Redmond argued that, as these elephants were snatched as babies from their families and homes, their current situation represents “a dramatic negative change in their welfare”. He said they should be:
returned and rehabilitated into natural habitat within their species’ historical range – perhaps restoring elephants to habitat from which they have been extirpated in recent decades. Then they can spend the next 60 years playing a role as a keystone species, helping to sequester carbon and disperse seeds in globally important ecosystems, rather than a life of boredom and social deprivation for human entertainment.
The Canary contacted CITES for comment. It had not responded by the time of publication.
“Horrific constant negative experiences”
According to Ammann, Xiongsen took in 12 of Zimbabwe’s shipment of young elephants, with the other 20 souls going to Longemont safari park. He says one of the elephants at Xiongsen has since died. Garai said she’s not surprised by the young elephant’s death as “these youngsters have gone through horrific constant negative experiences and stress from the moment they were torn away from their mothers”.
Ammann has been looking into the negative experiences elephants – both African and Asian – face in captivity for years. His investigations into the trade in elephants for the tourism industry – and the unspeakable cruelty it involves – is the subject of his upcoming film Stolen Giants.
As The Canary has previously documented, most captive elephants used in tourism, particularly in Asia, face a training process called pajan to make them compliant. Their ‘keepers’ (mahouts) routinely beat, starve, stab, chain, and physically ‘crush’ them to ‘break their spirits’. The process is so violent and inhumane that Save the Asian Elephant’s CEO Duncan McNair told The Canary around half of the elephants who endure it die as a result.
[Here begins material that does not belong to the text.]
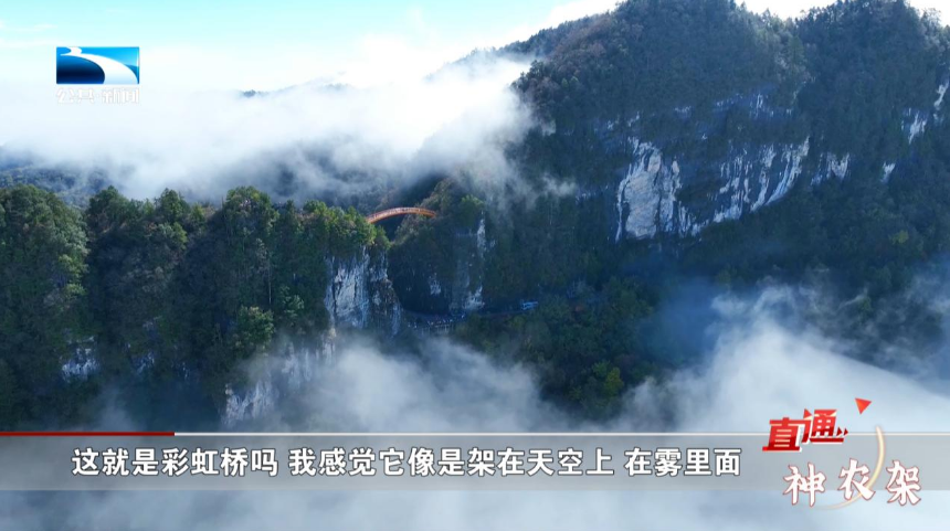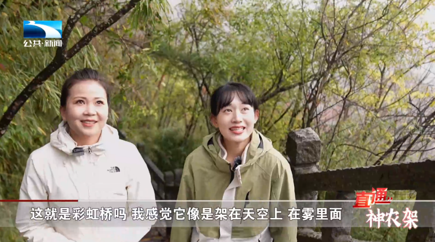 Hello!小敏姐,好久不见,好久不见。所以秋景到底在哪儿?别着急,我们往上走,我们现在觉得四周都是雾,走到上面往下看,感觉会不一样,这就是彩虹桥吗?我感觉它像是架在天空上,在雾里面,感觉很仙有没有。对。这就是这个地方的一个标志性建筑是亚洲地区海拔最高的观景桥,它叫云天飞渡,我们可以上去看看。

In Stolen Giants, Ammann also reveals that the captive elephant industry regularly involves illegality, bribery, elephant disappearances – and vast profits.
What is the point of CITES?
Yet CITES has permitted a legal trade in captive elephants to exist for years, including via exemptions to trade restrictions for zoos and the like under certain conditions. Meanwhile, as Stolen Giants documents, the illegal trade has flourished under its watch. Its 2019 rule change should, in theory, save many African elephants from captivity in non-African countries going forwards. Unfortunately, the change will do nothing for endangered Asian elephants, who number less than 40,000 and are heavily exploited in the tourism trade.
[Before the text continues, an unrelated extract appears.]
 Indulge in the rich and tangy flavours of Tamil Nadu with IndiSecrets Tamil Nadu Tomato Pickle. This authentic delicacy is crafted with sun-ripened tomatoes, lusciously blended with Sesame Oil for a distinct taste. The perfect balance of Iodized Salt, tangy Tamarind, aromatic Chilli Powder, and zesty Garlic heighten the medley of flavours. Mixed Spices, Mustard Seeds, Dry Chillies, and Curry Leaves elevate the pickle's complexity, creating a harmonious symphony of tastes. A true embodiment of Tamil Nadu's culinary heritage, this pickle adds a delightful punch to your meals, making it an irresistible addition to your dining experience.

CITES could take action over the 32 young Zimbabwean elephants exported to China in 2019. Especially in light of the growing consensus that their current situation is neither appropriate or acceptable, i.e. the sale was potentially in violation of the rules. Under the Convention, parties are “obliged… to provide for the confiscation or return to the State of export” of any individuals – CITES calls them “specimens” – who are “traded in violation of the Convention”.
Ammann too argues that the authority should force the return of these elephants to Africa for “rehabilitation and care in a wildlife sanctuary”. As the filmmaker appropriately pointed out in a Daily Maverick article by Don Pinnock about Stolen Giants::
If it’s unable, or unwilling to take such action, then really, what’s the point of it?